The founder and CEO of Freuds has criticised Facebook after the recent revelation of the firm's low UK corporation tax bill, and urged the Government to "consider what it can do to level the playing field".

(Credit: David M. Benett/Getty Images for Unicef)
(Credit: David M. Benett/Getty Images for Unicef)

In an interview with The Guardian, published online today, Matthew Freud said: "We are proud to be a growing UK creative business.

"Our success means that we paid £3m in tax last year, 684 times more than Facebook. Many of our competitors, like Facebook, avail themselves of perfectly legal mechanisms for reducing their tax bill. We don’t, but would urge the Government to consider what it can do to level the playing field so that British businesses paying their fair share of tax in the UK are not disadvantaged."

The article is entitled 'I paid 684 times more tax than Facebook' – a reference to Facebook having paid £4,327 in corporation tax in 2014, as was revealed by The Sunday Times.

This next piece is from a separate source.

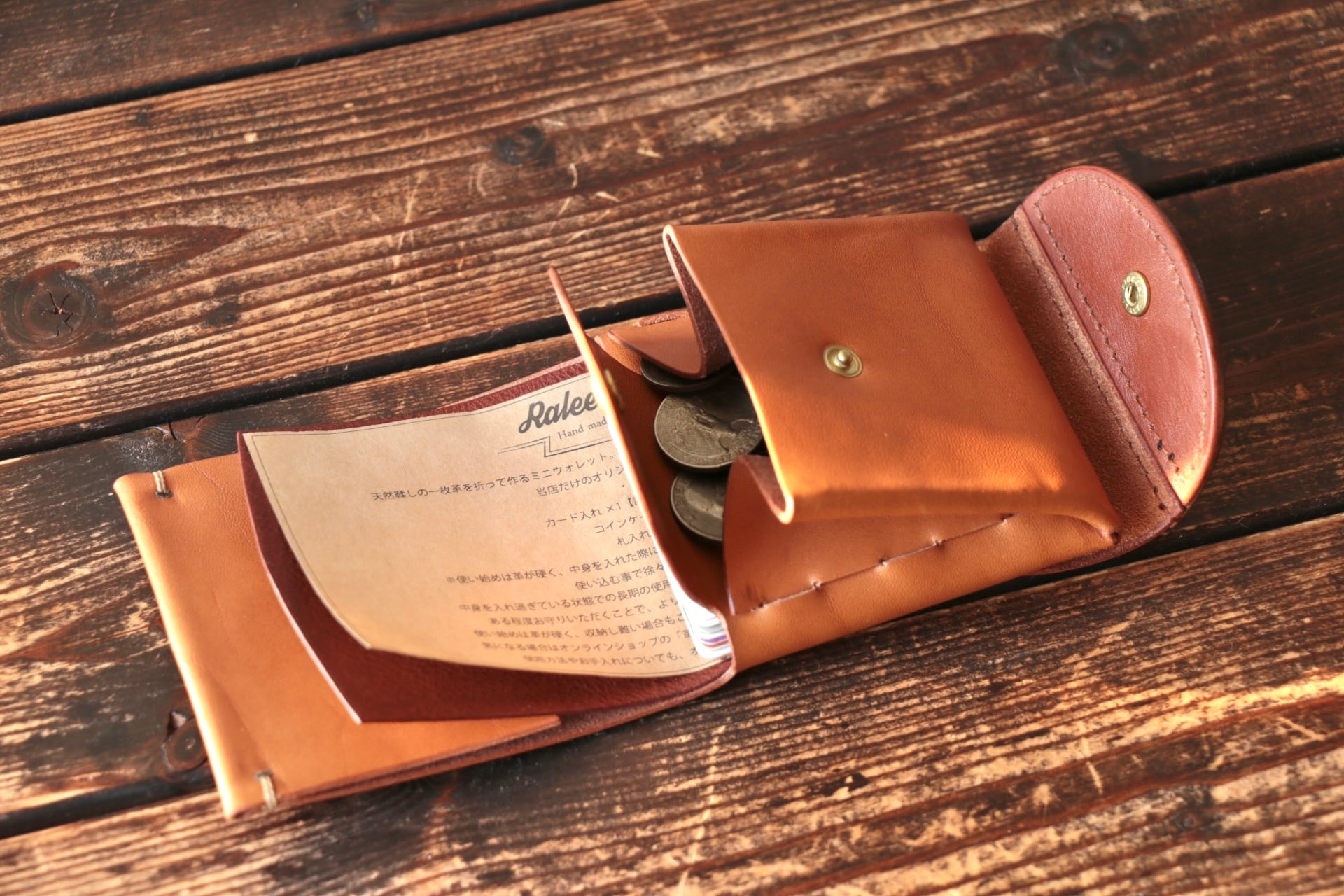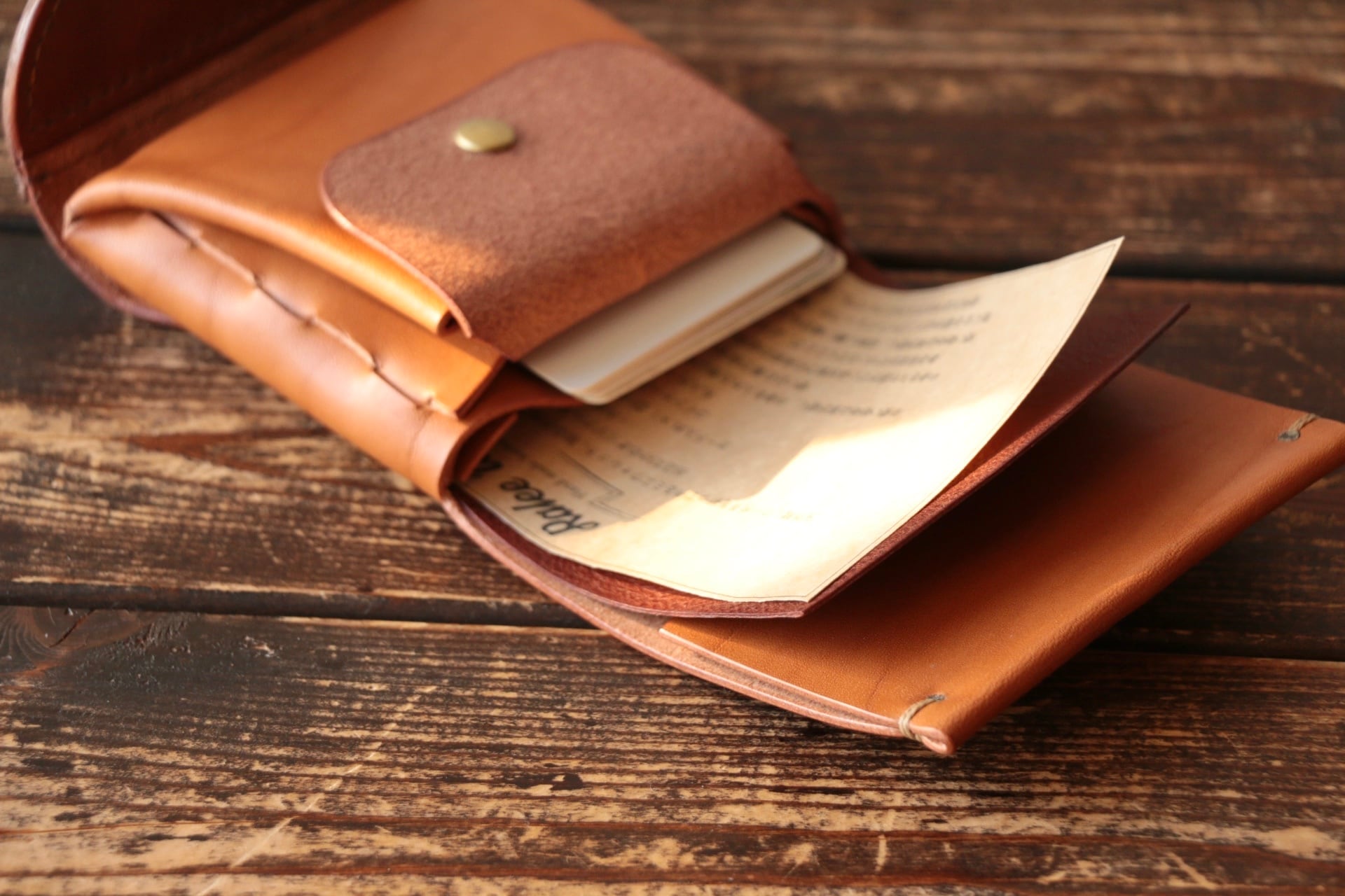 使い始めは革が硬くカードの出し入れやフタが固く感じられますが、使い込む事で徐々に馴染んでいきます。

By contrast, The Guardian reports that Freuds paid £2.96m in UK corporation tax, and that Freud himself "took home £11.2m last year, a third more than he did in 2013".

While a Facebook statement distributed to media after the Times' story broke said that the firm was "compliant with UK tax law", it has faced substantial criticism over its accounting arrangements.

Earlier this week, the charity ActionAid UK's tax campaign manager wrote in PRWeek that corporate tax avoiders were costing the developing world £130bn every year.